ORNL and AddUp team members standing in front of FormUp 350 3D printer. Image courtesy of AddUp.

French metal 3D printing group AddUp has entered into a $2.7 million agreement with the U.S. Department of Energy’s Oak Ridge National Laboratory (ORNL) to push laser powder bed fusion (PBF) for the use of 3D printing metal molds. While additive manufacturing (AM) is regularly used for the production of tooling, the metal mold supply chain has yet to be truly disrupted by the technology. Given its history of making millions of parts within (its part-owner) Michelin’s own tire mold fabrication process, AddUp may be an important actor in this disruption.
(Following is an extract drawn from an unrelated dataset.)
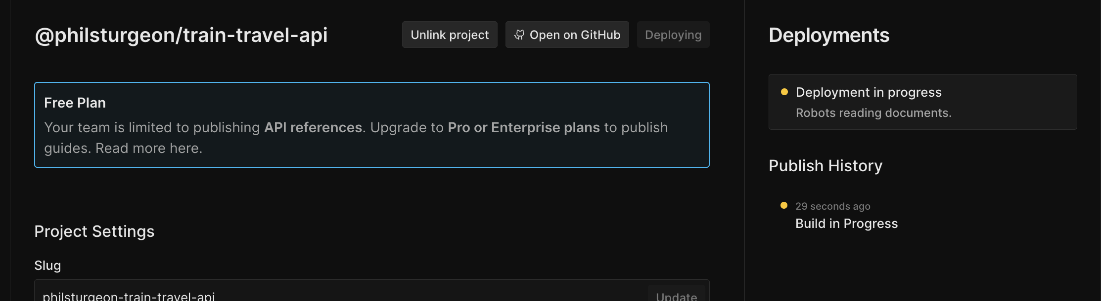 Let's switch these to Git Sync projects to keep the source of truth entirely under your control. To do this we can create a new repository to help track changes, or merge the downloaded OpenAPI/Markdown into the existing source code repository.
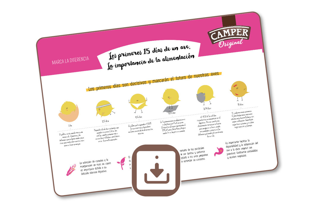 Camperbroiler Iniciación es el alimento indicado para las cuatro primeras semanas de vida de los pollos caseros. Un alimento muy alto en nutrientes, especialmente en proteína y aminoácidos, y con una alta palatabilidad y digestibilidad, lo que permite que el pollito tenga un correcto desarrollo en sus primeros días de vida. El adecuado equilibrio calcio/fósforo, junto con el elevado contenido en vitamina D, resultan claves para una correcta osificación. Un buen desarrollo óseo desde el comienzo que redundará en un crecimiento equilibrado y en una gran fuerza y vitalidad del pollo.

The AddUp Group is the result of years of research on the behalf of Michelin to create better, more cost-effective tires. Since 2000, the company began exploring the possibilities of AM for making tire molds, ultimately leading the development of in-house metal 3D printers. Michelin has roughly two dozen such systems installed worldwide 3D printing over a million metal parts annually. The tire-maker then turned to Fives, an industrial engineering firm with over 160 years of experience, to commercialize the technology via a new 50/50 partnership: the AddUp Group.

With ORNL, AddUp hopes to improve the deposition rate of powder bed systems, while maintaining tight management over the metallurgy of the technology and the qualification of steel tooling. For its part, ORNL has long been in the field of advancing 3D printing technology, including the development of Cincinnati Inc’s Big Area Additive Manufacturing system. In the realm of laser PBF, the research lab is at work improving quality control and expanding material sets. ORNL will be able to contribute its expertise in material properties, process parameters with in-situ analysis, and machine learning to deliver validated process parameters and microstructural characterization of AM tool steels.
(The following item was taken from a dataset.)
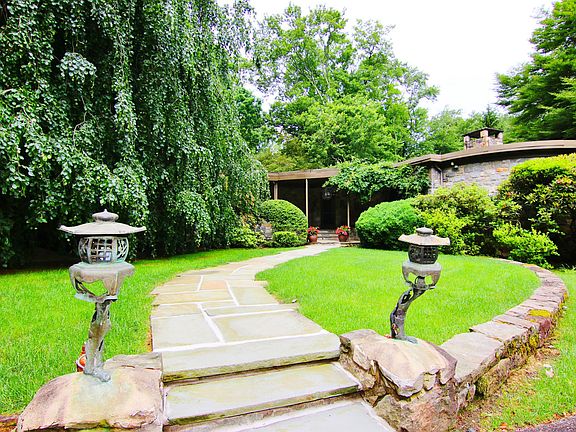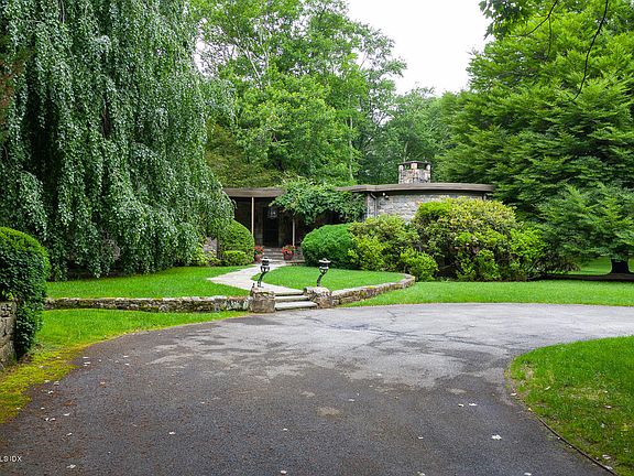 NEWLY PRICED OPPORTUNITY on nearly 8-lush pvt acres, incl 2-buildable lots, w tennis court, pool & spa, cabana, deck+patios Designed by a noted architect for his family, it's filled w architectural delights and invites you to bring your vision & make it your own Once owned by renowned Broadway composer Burton Lane, this one level stone home features curved walls, generous-sized rooms & lg windows - clearly created for impressive entertaining + wonderful living Stone pillars mark the main entry up to the circular drive at front, while a 2nd driveway, delivers you to the garage. Open living & Great rm, lg dining rm, fully equipped stainless/granite EIK, mahogany library & wet bar rm, 5BRs incl Mstr suite with fpl+sitting/ sunrm +wardrobe rm+full bath. LL has lounge/media rm+play rm. WOW
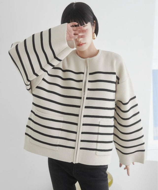ゆったりとしたワイドシルエットとランタンスリーブが今年らしいニットブルゾンが登場!

The research will aim to develop methods to overcome such geometric constraints as overhang angles, thin walls and process repeatability that have prevented metal 3D printing from widespread adoption in the larger world of mass manufacturing and tooling production. The partners will explore the 3D printing of tooling with complex conformal cooling channels for plastic injection molding that cannot be made using traditional methods.

Using HyperWorks, PROTIQ performed topology optimization on an injection mold to remove material where not needed. Conformal cooling was used to shorten cycle times. Images courtesy of Altair.
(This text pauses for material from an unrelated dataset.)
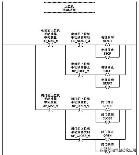 其中(L)为置位指令,(U)为复位指令。这里之所以用置位、复位指令,主要是考虑到启动(打开)条件和停止(关闭)条件可能是脉冲型的(例如上升沿脉冲),需要保持(注:如果MCC中的控制回路使用了“启动-保持-停止”方式,那么采用脉冲输出比较合适,就像自复位式按钮一样。这里为了简化梯形图程序,没有这样做。有兴趣的读者不妨一试)。电机启动或停止条件是自动控制时的联锁条件,上位机进行手动操作时,自动控制程序不能执行。同样就地操作时,PLC的程序控制也不能执行,程序可以根据需要将此时的电机启动和停止控制信号复位。阀门的控制也是一样。这样各个设备均可根据情况进行自动运行或手动操作。

3D printing injection molding tools could bring about significant benefits. AM marketplace PROTIQ, for instance, uses simulation tools from Altair to perform topology optimization specifically to metal molds, taking into account the loads associated with closing the mold, injecting the material, and closing the mold, as well as the way that heat dissipates throughout the mold.

In one study, PROTIQ removed 75 percent of the weight from a mold, meaning that the tool, which would have normally been too heavy to move by hand, could be changed in the injection molding machine manually. The incorporation of conformal cooling channels into the tool cut cooling time from about 9 or 10 seconds to about 3.2. Altogether, the company suggests that cycle times for injection molding can be reduced by one-third on average.

While PROTIQ, a subsidiary of German industrial manufacturer Phoenix Contact, has developed tools for optimizing and printing injection molding tools, AddUp has its own partnerships to advance its stake in the game. In addition to the new ORNL agreement, the company teamed with French simulation software developers ESI Group to create the Distortion Simulation AddOn module for its 3D printers. AddUp is also working with the IPC trade group to develop a platform for 3D printing injection molds with conformal cooling.

Not only is AddUp shaping up to be a formidable player in the yet-to-be-disrupted space of metal molds, but, with its acquisitions of BeAM and Poly-Shape, it is becoming a significant pillar of the 3D printing industry. Another French 3D printing heavyweight, Prodways, hasn’t been making the news quite as much recently, which makes one wonder if there’s a shake-up taking place in France at the moment.